Hexaware Quantitative Aptitude Questions And Answers
Hexaware Quantitative Aptitude MCQs : This section focuses on "Quantitative Aptitude" for Hexaware Exam. These Quantitative Aptitude MCQs are asked in previous Hexaware placements/recruitment exams and will help you to prepare for upcoming Hexaware drives.
1. I make a profit of 20% by selling an article. What would be the profit percent if it were calculated on the selling price instead of the cost price?
Explanation: Let us assume
Cost Price = 100
Then 20% of profit means
Selling Price is = 120.
Now, Profit %, if it was calculated on SP, will be
20/120 × = 16.67%.
2. If log10 (87.5) = 1.9421, then the number of digits in (875)^10 is?
Explanation: X = (875)^10 = (87.5 x 10)^10
Therefore, log10 (X) = 10(log10 (87.5) + 1)
= 10(1.9421 + 1)
= 10(2.9421) = 29.421
X = antilog(29.421)
Therefore, number of digits in X = 30.
3. How many parallelograms will be formed if 7 parallel horizontal lines intersect 6 parallel vertical lines?
Explanation: Parallelograms are formed when any two pairs of parallel lines (where each pair is not parallel to the other pair) intersect. Hence, the given problem can be considered as selecting pairs of lines from the given 2 sets of parallel lines. Therefore, the total number of parallelograms formed = 7C2 x 6C2 = 315
4. Prasanth bought 20kg of rice at rupees 30 per kg and 40 kg of rice at 35 rupees per kg. Now he sold the entire lot at 45 rupees per kg. Find the amount of loss and profit made by Prasanth.
Explanation: Total cost price = 20*30 + 40*35 = 2000
Total selling price = 45*60 = 2700
Hence, Profit made by Prasanth = 700 Rupees.

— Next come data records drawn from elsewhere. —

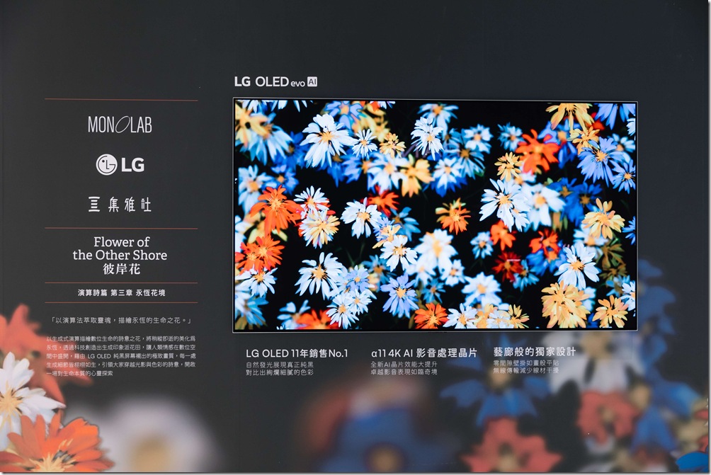 台灣 LG 多年來持續推動創新技術,將高畫質螢幕與藝術相結合,展現出「生活即藝術」的概念。本次展覽與知名數位藝術家吳哲宇合作,透過精密演算法創造「虛擬花海」,花瓣生成、綻放與飄零的過程,象徵生命的脈動與美麗。同時,搭載 Soundbar S95TR 的聲音技術,讓畫面與音效完美結合,增添深度與共鳴,讓藝術不再只是視覺的呈現,更是一場多重感官的體驗。
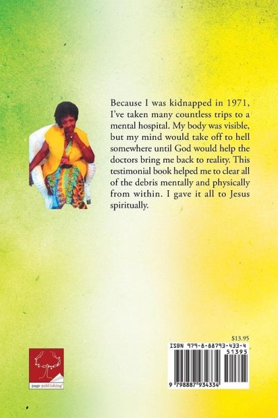 Because I was kidnapped in 1971, I've taken many countless trips to a mental hospital. My body was visible, but my mind would take off to hell somewhere until God would help the doctors bring me back to reality. This testimonial book helped me to clear all of the debris mentally and physically from within. I gave it all to Jesus spiritually.
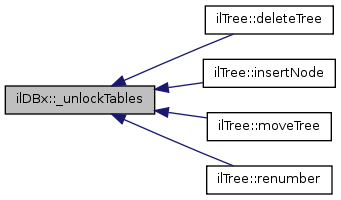 Here is the caller graph for this function:| ilDBx::_unlockTables | ( | ) |
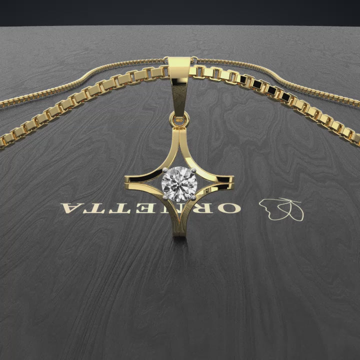 This pendant celebrates simplicity with a bold heart. The geometric star-inspired frame is crafted to direct all eyes to the brilliant round-cut solitaire diamond at its center. With clean symmetry and a powerful silhouette, this piece reflects clarity, strength, and focus. The 18K Micron Plated finish adds a layer of warmth and timeless elegance.
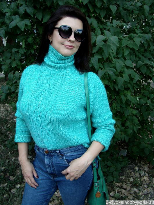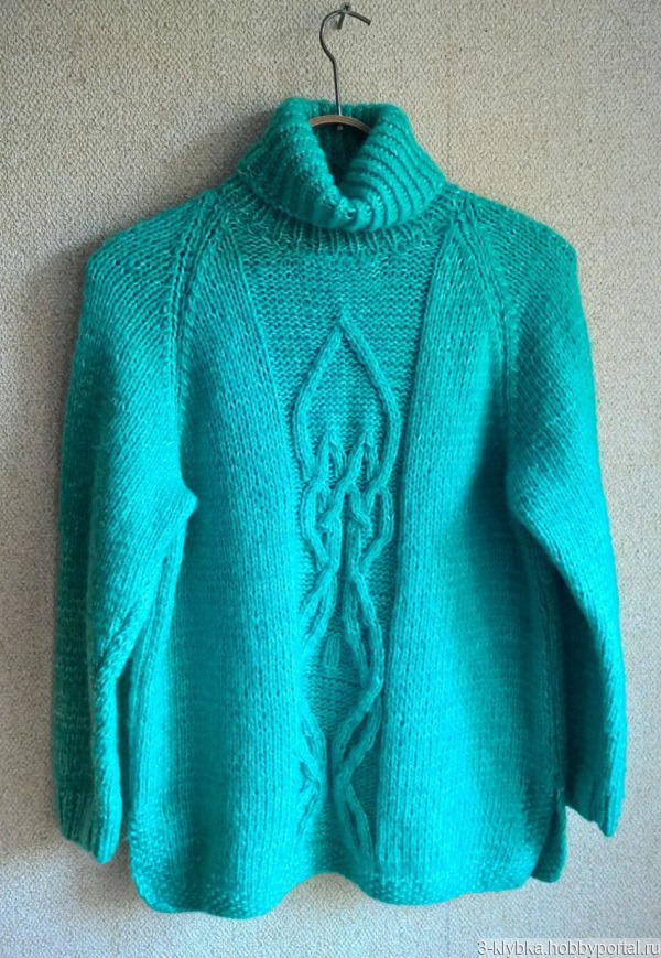 бирюзовый, пуловер вязаный, свитер женский, свитер вязаный, модный свитер, весенний, аранские узоры, спицы, свитер с косами, женская кофта вязаная, свитер хлопковый, свитер крупной вязки женский, свитер пушистый, зеленый свитер, Свитер бирюзовый
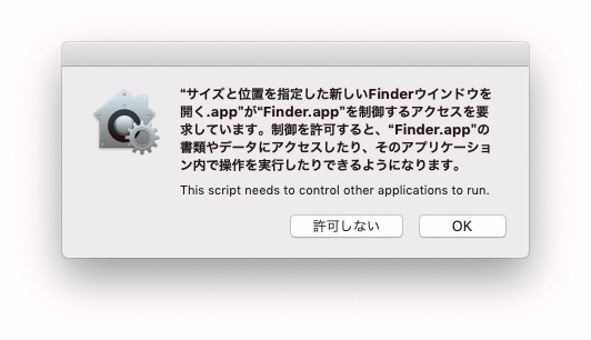 “自作のAppleScriptアプリケーション名”が“Finder.app”を制御するアクセスを要求しています。制御を許可すると、“Finder.app”の書類やデータにアクセスしたり、そのアプリケーション内で操作を実行したりできるようになります。
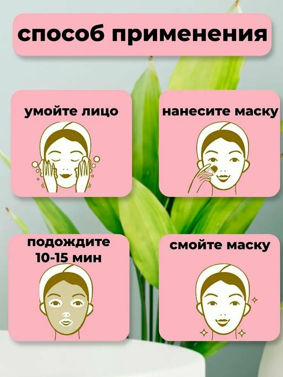 | Способ применения | Обильно нанесите маску на чистое сухое лицо, оставьте на 10 минут, смойте водой. Избегайте попадания в глаза. При попадании в глаза промойте их водой. |
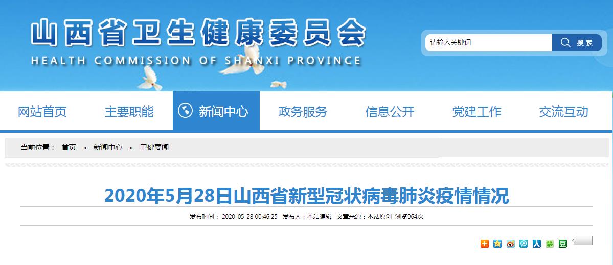 2020年5月27日0-24时,山西省无新增境外输入确诊病例。累计报告境外输入性确诊病例64例,治愈出院64例。现有疑似病例0例。
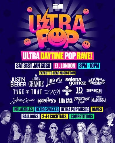 ULTRA POP is all about good vibes, good people and good music - expect a floor full of pop lovers shaking it from start to finish.
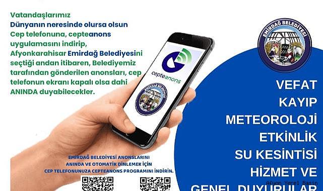 Gelişen teknoloji ile vatandaşlarına daha iyi hizmet sunmayı hedefleyen Emirdağ Belediyesi, sesli anonsları mobil cihazlara gönderme hizmetini hayata geçirdi. Mobil uygulama ile vatandaş yapılan anonsları sesli olarak dinleyebiliyor. Gürültü kirliliğin önüne geçilmesini amaçlayan sistemle, belediye hoparlörüne olan ihtiyacın azaltılması planlanıyor.Gerek yurt içi gerekse yurtdışındaki tüm vatandaşlar; vefat, kayıp, su kesintisi, etkinlik, meteoroloji, hizmet ve genel duyuruları cepte anons uygulaması ile cep telefonlarından takip edilebilecek.Cepte anons uygulamasını telefonlarına indiren vatandaşlar uygulamaya giriş yaparak Afyonkarahisar Emirdağ Belediyesi’ni seçtikten sonra yapılan duyurulara sesli ve yazılı şekilde erişebilecek. Cepte anons uygulaması aynı zamanda hayat kurtaran bir uygulama olarak da ön plana çıkıyor. İçerisinde yer alan acil durum siren sesi ile olası bir depremde göçük altında kalan ya da herhangi bir afet durumunda zor durumda olan vatandaşlara ulaşmakta ekiplere kolaylık sağlayacak.Görevlerinin vatandaşlara daha nitelikli hizmet sunmak olduğunu vurgulayan Emirdağ Belediye Başkanı Serkan Koyuncu; "Emirdağ Belediyesi olarak teknolojiyi yakından takip ederek vatandaşlarımızın hayatını kolaylaştırmaya devam ediyoruz. Uygulamaya geçirdiğimiz Cepte Anons sistemi ile bundan sonra Emirdağ Belediyesi'ne ait tüm anonslar cep telefonuna gelecek. Uygulama sayesinde yaptığımız ilanları tüm dünyaya anında ücretsiz olarak duyurabileceğiz."ifadelerini kullandı.

5. Without any stoppage, a person travels a certain distance at an average speed of 42 km/h, and with stoppages he covers the same distance at an average speed of 28 km/h. How many minutes per hour does he stop?
Explanation: Let the total distance to be covered is 84 kms.
Time taken to cover the distance without stoppage = 84 / 42 hrs = 2 hrs
Time taken to cover the distance with stoppage = 84 / 28 = 3 hrs.
Thus, he takes 60 minutes to cover the same distance with stoppage.
Therefore, in 1 hour he stops for 20 minutes.
6. If 12% of x is equal to 6% of y, then 18% of x will be equal to how much % of y ?
Explanation: We have ,
12% of X = 6% of Y
=> 2% of X = 1% of Y
=>(2 x 9)% of X = ( 1 x 9)% of Y
Thus, 18% of X = 9% of Y.
7. Walking at the rate of 4 kmph a man cover a certain distance in 2 hr 45 min. Running at a speed of 16.5 kmph the man will cover the same distance in?
Explanation: Distance = Speed × time
Here time = 2hr 45 min = 11/4 hr
Distance = 4×11/4=11 km
New Speed =16.5 kmph
Therefore time = Distance/Speed=11/16.5=40 min.
8. A man walks 6 km at a speed of 1 1/2 kmph, runs 8 km at a speed of 2 kmph and goes by bus another 32 km. Speed of the bus is 8 kmph. Find the average speed of the man.
Explanation: Man walked 6 km at 1.5 kmph, again he walked 8 km at speed of 2 kmph and 32 km at a speed of 8kmph time taken indivisually:
=> 6/1.5 = 4 m
=> 8/2 = 4 m
=> 32/8 = 4 m
Average speed of man= total distance/ total time
=> 46/12 = 3 (5/6)
9. A teacher has to choose the maximum different groups of three students from a total of six students. Of these groups, in how many groups there will be included in a particular student?
Explanation: If students are A, B, C, D, E and F; we can have 6C3 groups in all. However, if we have to count groups in which a particular student (say A) is always selected we would get 5C2 = 10 ways of doing it.
10. Two trains starting at the same time from 2 stations 200 km apart and going in the opposite direction cross each other at a distance of 110 km from one of the stations. What is the ratio of their speeds?
Explanation: By Analyzing the given information
In the same time, they cover 110 km and 90 km respectively.
For the same time, speed and distance are inversely proportional.
So ratio of their speed = 110: 90 = 11: 9.